Adds the end-to-end pipeline that mines unwritten coding rules out of this project's GitLab MR review history and renders them as Nexedi-style docs/coding-rules/*.md pages — both reviewable by humans and loadable as context by coding agents (Claude Code, Cursor, Aider, Codex). AGENTS.md at the root points every such agent at the docs.
Harvesting (tools/harvest-mr-rules/)
download.py + fetch_single_comment_batch.py Fetch every merged and closed MR's review threads from lab.nexedi.com via the GitLab REST API into a local SQLite corpus (~10 MB, gitignored). Includes per-discussion diff_hunks, resolved-state, reviewer authors, and the linked notes. Resumable via checkpoint table.
schema.sql + filter.sql
Corpus schema + an interesting_discussions view that gates on
minimum-length human comments with a reviewer participating.
scopes.py Maps a rule's path-scope to an output area-file (slapos/recipe/ → recipe.md, software/rapid-cdn/ → rapid-cdn.md, …).
Curation skills (.claude/skills/)
extract-mr-rules/ Walks a batch of discussions and saves candidates.jsonl entries (rule + rationale + evidence + scope). SKILL.md briefs the agent on the extraction protocol; save_candidate.py / fetch_batch.py do the DB work.

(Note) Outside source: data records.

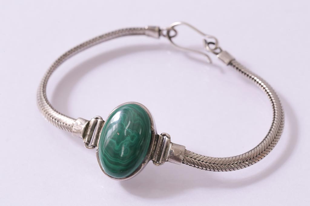 ラフジュ工房> アクセサリー> ブレスレット・バングル > ヴィンテージアクセサリー イギリス シルバー925 マーブルグリーンのビンテージブレスレット(R-044695)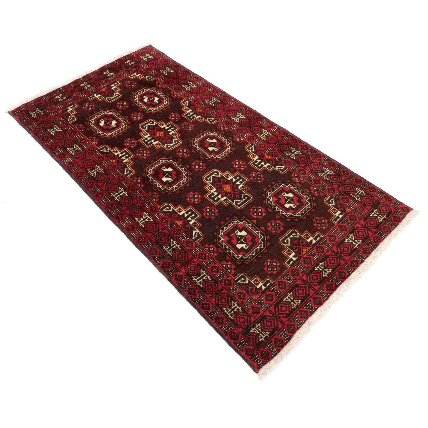 1970年代に織られたバルーチ産のセミアンティークラグです。力強いフックモチーフが連続し、古来より守護や魔除けを意味する伝統意匠として伝えられています。1800×900mmのサイズはリビングやベッドサイドに適し、程よい存在感を放ちます。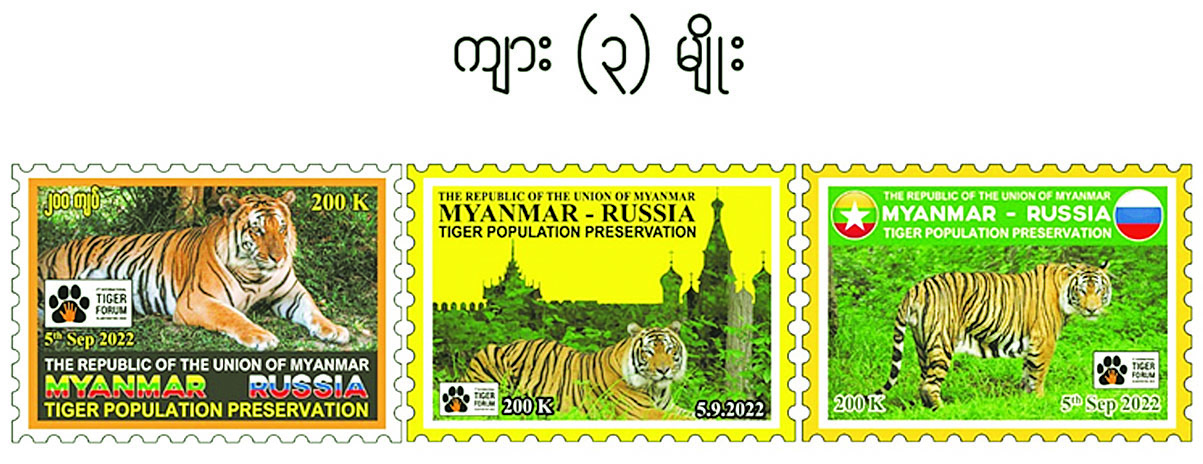 မြန်မာ-ရုရှား နှစ်နိုင်ငံ ကျားထိန်းသိမ်းရေးအထိမ်းအမှတ် Block of Stamp အထူးထုတ်၂၀၀ ကျပ်တန် သုံးခုပါ စာပို့တံဆိပ်ခေါင်းသစ်တစ်မျိုး ရောင်းချမည်

dedupe-rules/ Clusters near-duplicates with simple TF-IDF, asks the agent to decide merge / keep-separate / subsume per pair, then runs promote.py to apply the promotion threshold (≥2 reviewers OR ≥3 MRs → promoted; else soft).
attach-examples/
Enriches rules.jsonl with a one-line title, a Bad code snippet
(extracted verbatim from the source discussion's diff_hunk, re-
anchored against position_new_line so GitLab's preview-truncated
hunks line up), and a Good code snippet (extracted verbatim from
git show origin/master:, anchor-matched against the Bad's
first non-blank line with a line-range fallback). No LLM. Files
deleted on master → examples_status: needs-curation.
place-rules/ Renders rules.jsonl into docs/coding-rules/*.md as per-rule H3 sections with a TOC table at the top of each area file. Each section: title + metadata strip + description + Bad fenced block + Good fenced block + Why-this-rule rationale + Evidence URL list. INDEX.md preamble (between META-RULES BEGIN/END markers) is preserved across regenerations so the hand-edited meta-rules summary survives.

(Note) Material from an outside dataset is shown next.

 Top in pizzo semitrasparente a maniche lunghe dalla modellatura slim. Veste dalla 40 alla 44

Pre-commit hook (.claude/hooks/ + tools/check-coding-rules/)
Spawns claude -p with the staged diff plus the area-relevant rule
files; warns on the commit if the diff appears to violate a rule.
Warn-only by default; CODING_RULES_BLOCK=1 makes it fatal. Skippable
with CODING_RULES_SKIP=1. Installed both as a git pre-commit hook
(terminal commits) and as a Claude Code PreToolUse(Bash) hook
registered in .claude/settings.json.
Re-running the pipeline
download.py refreshes the corpus → /extract-mr-rules walks new discussions → /dedupe-rules promotes → /attach-examples re-attaches Bad/Good snippets → /place-rules regenerates the docs. Rule IDs are sticky once allocated; existing rules survive a re-run unchanged.